May 8 - 14, 2022: Issue 537

 

Herfort's Chemist: How ice-cream helped a canny pharmacist stay the distance The Avalon Story - Terry Herfort

Pharmacist Terry Herfort used to visit Avalon Beach with his parents to go swimming. Years later, and not long out of university, the young pharmacist remembered the sleepy seaside suburb and reckoned it had potential. All he had to do was convince residents to shop locally instead of going to Newport or Mona Vale.

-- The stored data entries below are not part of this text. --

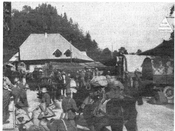
W.-K. der Geb.-I.-Br. 9 — C. R. de la Br. I. mont. 9 Fassungsplatz Eggiwil — La place de ravitaillement d'Eggiwil

Eingeleitet wurde die Schlacht durch ein großes Reitergefecht bei Liebertwolkwitz am 14. Oktober, das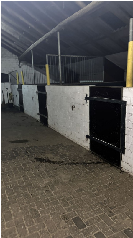
Teilansicht Boxen rechte Seite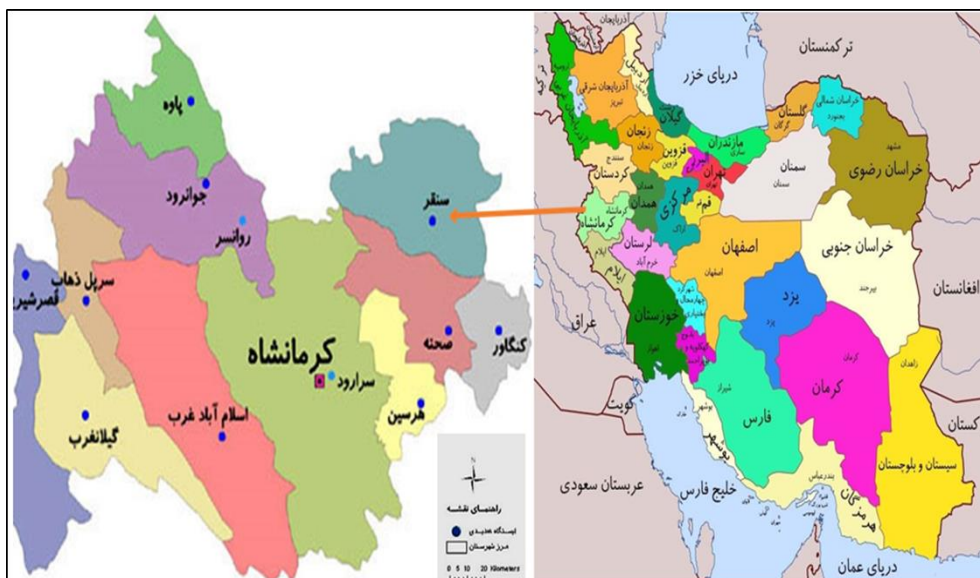
نقشه ۱- استان کرمانشاه

استان کرمانشاه در غرب ایران، با مساحتی حدود ۲۴ هزار و ۴۳۴ کیلومتر مربع واقع شده‌است. این استان از شمال به استان کردستان، از جنوب به استان‌های لرستان و ایلام، از شرق به استان همدان و از غرب به کشور عراق محدود می‌شود. مرکز استان کرمانشاه، شهر کرمانشاه است و شهرهای مهم این استان عبارتند از: اسلام آباد غرب، پاوه، جوانرود، سرپل ذهاب، سنقر، صحنه، قصر شیرین، کنگاور، گیلان غرب، هریس (میره ای و همکاران، ۱۳۹۵).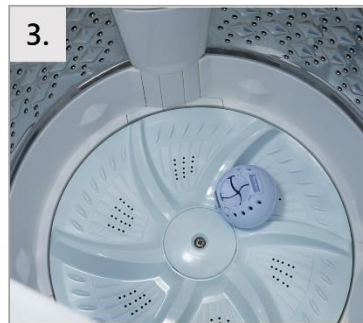
3. 洗濯後は入れっぱなしでOK!

* 洗濯槽の汚れ・臭いが気になる時は、使用前に洗濯槽クリーナーを使うとより効果的です。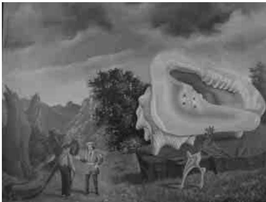
FOTO DEL CATALÀGUE PLANELLS SURREALISTA. 2004. P. 123.

De l'associació de l'home amb els mol·luscs se'n tenen evidències des de fa milers d'anys, ja que de sempre han constituït un important recurs alimen-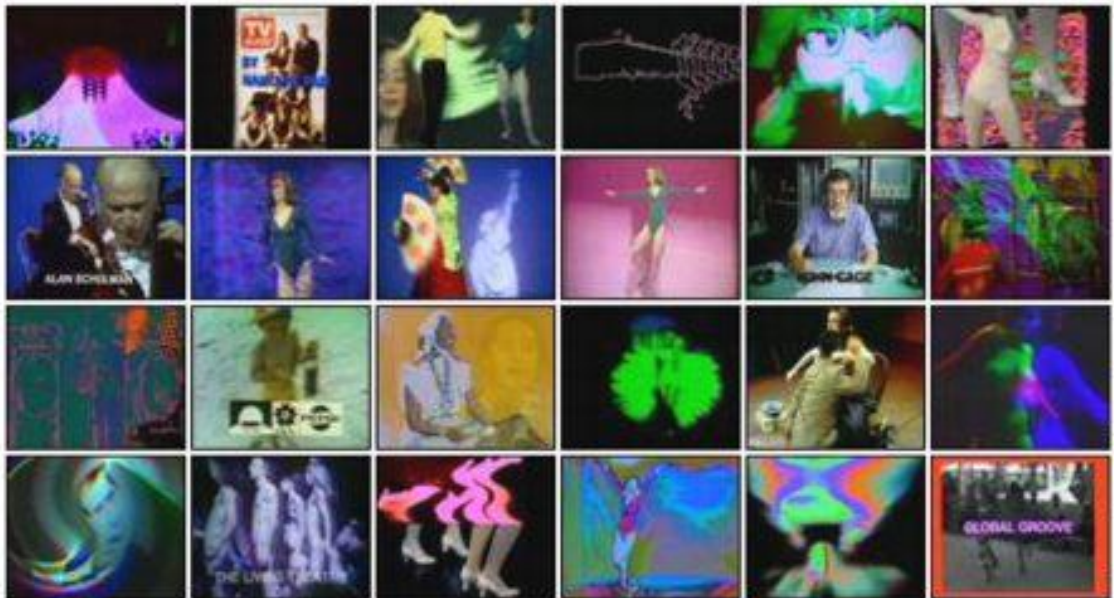
Resim 2.17. Nam June Paik, "Global Groove", 1973.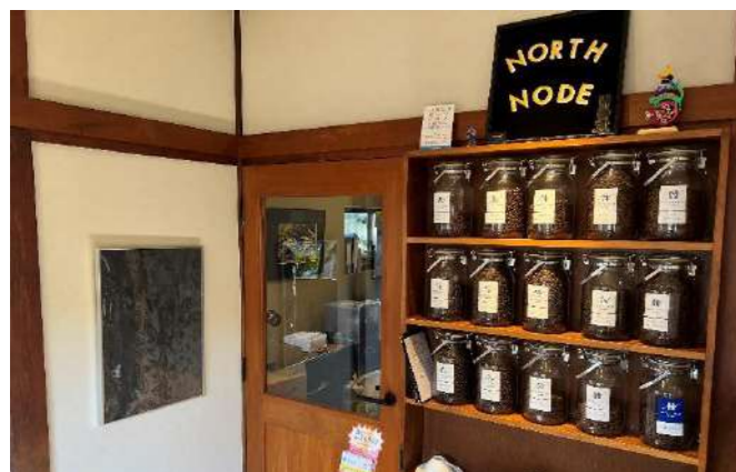
6 ▲店頭には並ぶ瓶詰のコーヒー豆は、よく見ると色やツヤに違いがあるのが分かります。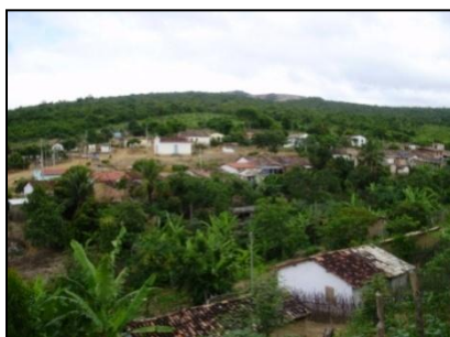
FIGURA 2 - Povoado do Caju, Jequitinhonha, Minas Gerais, 2009.

As casas são, em geral, construções simples feitas de adobe e telha e a maioria possui energia elétrica. A rede de água, com origem em barragens e nascentes próximas, chega à maioria dos domicílios, porém, sem tratamento. A água do córrego que corta o distrito também é utilizada para várias atividades domésticas (FIG. 2 e 3).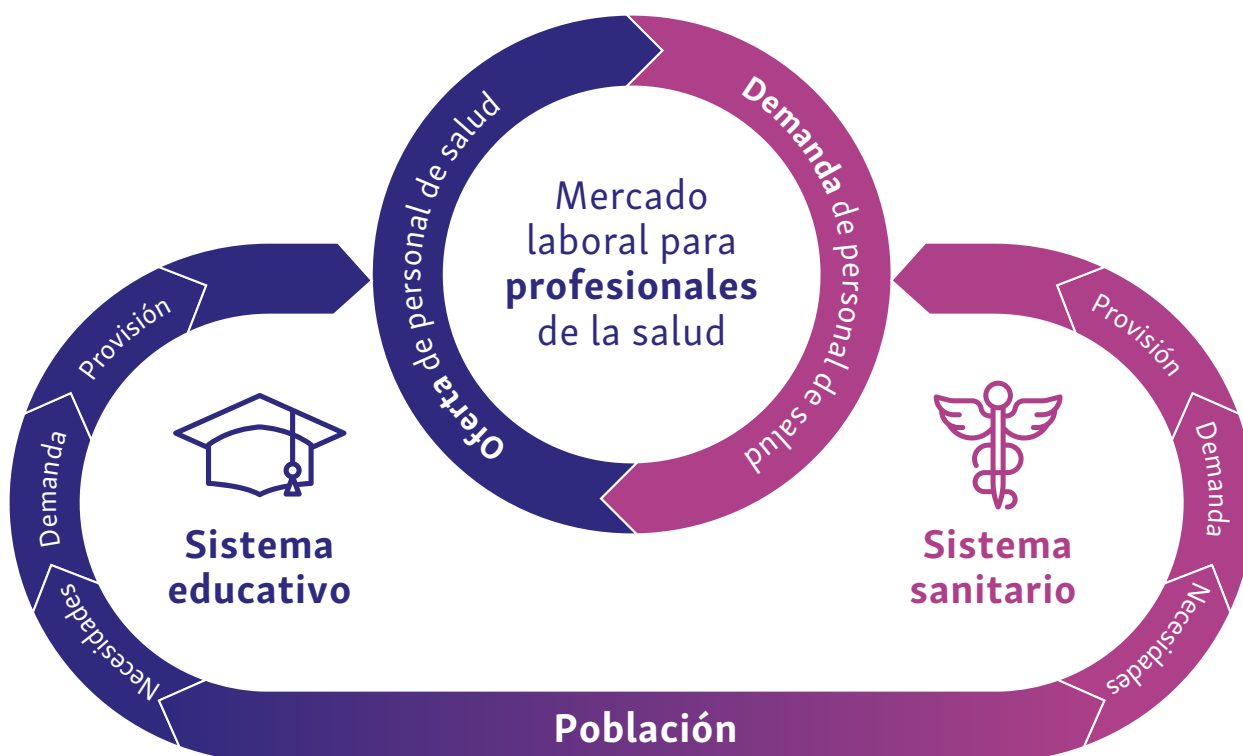
Figura 1: Intersección entre formación, mercados laborales y sector salud

Pharmacy was a respectable but staid business, Terry tells Radio Northern Beaches presenter David Stewart-Hunter in the next episode of weekly interview program The Avalon Story.

“I wanted something different – a unique selling proposition – and I put in an ice-cream parlour and a supermarket in this one building. That created a lot of interest.

“Avalon primary school was about 400 metres up the road with about 600 kids and I reckoned the ice-cream parlour would bring in the kids sooner or later with their mums and dads. It did work.”

It was the 1980s and Terry also realised milk and bread deliveries to people’s homes would soon end. He put those essential items at the back of the shop to lure people past pharmacy items on their way to the refrigerators.

It’s innovations like these that have helped Herforts chemist in Old Barrenjoey Rd, which trades under the Terry White Chemmart banner, survive competition from supermarkets and now from online traders.

Herforts is among several Avalon Beach businesses that have stayed in family hands – the store is now managed by Terry’s son Simon – to become part of local history and part of the local community.

Over 40 years, Terry has watched Avalon Beach grow and change, becoming less of a seaside holiday destination and more a metropolitan suburb.

For the first 15 years, Herforts traded “12 hours a day, 7 days a week, 365 days a year so that we were always there”. 

People told him he wouldn’t last, warning him to cut down his opening hours but he was determined he would never go broke.

The only time he closed his doors early was for half a day in the early 1990s when Pharmacy Guild of Australia members protested government changes to the pharmaceutical benefits scheme.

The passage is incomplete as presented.